• THE TASK: Output the entries below so that they read exactly as they do now.

• Stored data entries:

╔══

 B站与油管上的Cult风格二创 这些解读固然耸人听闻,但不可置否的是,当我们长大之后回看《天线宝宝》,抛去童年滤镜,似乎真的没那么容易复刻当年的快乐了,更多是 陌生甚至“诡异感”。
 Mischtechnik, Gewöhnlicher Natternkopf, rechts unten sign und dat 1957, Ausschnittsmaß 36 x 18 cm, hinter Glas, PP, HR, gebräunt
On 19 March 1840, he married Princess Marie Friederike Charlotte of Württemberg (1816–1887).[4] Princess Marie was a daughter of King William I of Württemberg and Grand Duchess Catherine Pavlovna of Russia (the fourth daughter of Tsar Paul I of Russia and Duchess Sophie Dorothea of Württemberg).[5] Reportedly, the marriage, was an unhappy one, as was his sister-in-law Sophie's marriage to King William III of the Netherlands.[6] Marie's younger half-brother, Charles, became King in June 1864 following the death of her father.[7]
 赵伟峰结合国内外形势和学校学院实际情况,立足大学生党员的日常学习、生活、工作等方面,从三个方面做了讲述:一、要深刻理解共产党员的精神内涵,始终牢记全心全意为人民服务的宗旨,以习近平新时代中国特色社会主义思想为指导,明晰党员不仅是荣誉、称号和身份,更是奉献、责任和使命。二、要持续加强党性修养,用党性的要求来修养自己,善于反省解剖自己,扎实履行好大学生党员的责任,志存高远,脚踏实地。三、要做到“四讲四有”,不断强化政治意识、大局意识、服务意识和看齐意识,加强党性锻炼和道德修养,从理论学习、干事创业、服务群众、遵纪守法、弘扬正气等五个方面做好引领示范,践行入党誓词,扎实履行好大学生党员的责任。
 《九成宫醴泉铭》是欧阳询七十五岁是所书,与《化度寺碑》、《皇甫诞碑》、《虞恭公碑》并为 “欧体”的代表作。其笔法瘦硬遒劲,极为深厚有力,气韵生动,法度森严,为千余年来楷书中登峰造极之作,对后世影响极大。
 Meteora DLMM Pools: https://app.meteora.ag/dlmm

╚══

• YOUR RESPONSE:
 B站与油管上的Cult风格二创 这些解读固然耸人听闻,但不可置否的是,当我们长大之后回看《天线宝宝》,抛去童年滤镜,似乎真的没那么容易复刻当年的快乐了,更多是 陌生甚至“诡异感”。
 Mischtechnik, Gewöhnlicher Natternkopf, rechts unten sign und dat 1957, Ausschnittsmaß 36 x 18 cm, hinter Glas, PP, HR, gebräunt
On 19 March 1840, he married Princess Marie Friederike Charlotte of Württemberg (1816–1887).[4] Princess Marie was a daughter of King William I of Württemberg and Grand Duchess Catherine Pavlovna of Russia (the fourth daughter of Tsar Paul I of Russia and Duchess Sophie Dorothea of Württemberg).[5] Reportedly, the marriage, was an unhappy one, as was his sister-in-law Sophie's marriage to King William III of the Netherlands.[6] Marie's younger half-brother, Charles, became King in June 1864 following the death of her father.[7]
 赵伟峰结合国内外形势和学校学院实际情况,立足大学生党员的日常学习、生活、工作等方面,从三个方面做了讲述:一、要深刻理解共产党员的精神内涵,始终牢记全心全意为人民服务的宗旨,以习近平新时代中国特色社会主义思想为指导,明晰党员不仅是荣誉、称号和身份,更是奉献、责任和使命。二、要持续加强党性修养,用党性的要求来修养自己,善于反省解剖自己,扎实履行好大学生党员的责任,志存高远,脚踏实地。三、要做到“四讲四有”,不断强化政治意识、大局意识、服务意识和看齐意识,加强党性锻炼和道德修养,从理论学习、干事创业、服务群众、遵纪守法、弘扬正气等五个方面做好引领示范,践行入党誓词,扎实履行好大学生党员的责任。
 《九成宫醴泉铭》是欧阳询七十五岁是所书,与《化度寺碑》、《皇甫诞碑》、《虞恭公碑》并为 “欧体”的代表作。其笔法瘦硬遒劲,极为深厚有力,气韵生动,法度森严,为千余年来楷书中登峰造极之作,对后世影响极大。
 Meteora DLMM Pools: https://app.meteora.ag/dlmm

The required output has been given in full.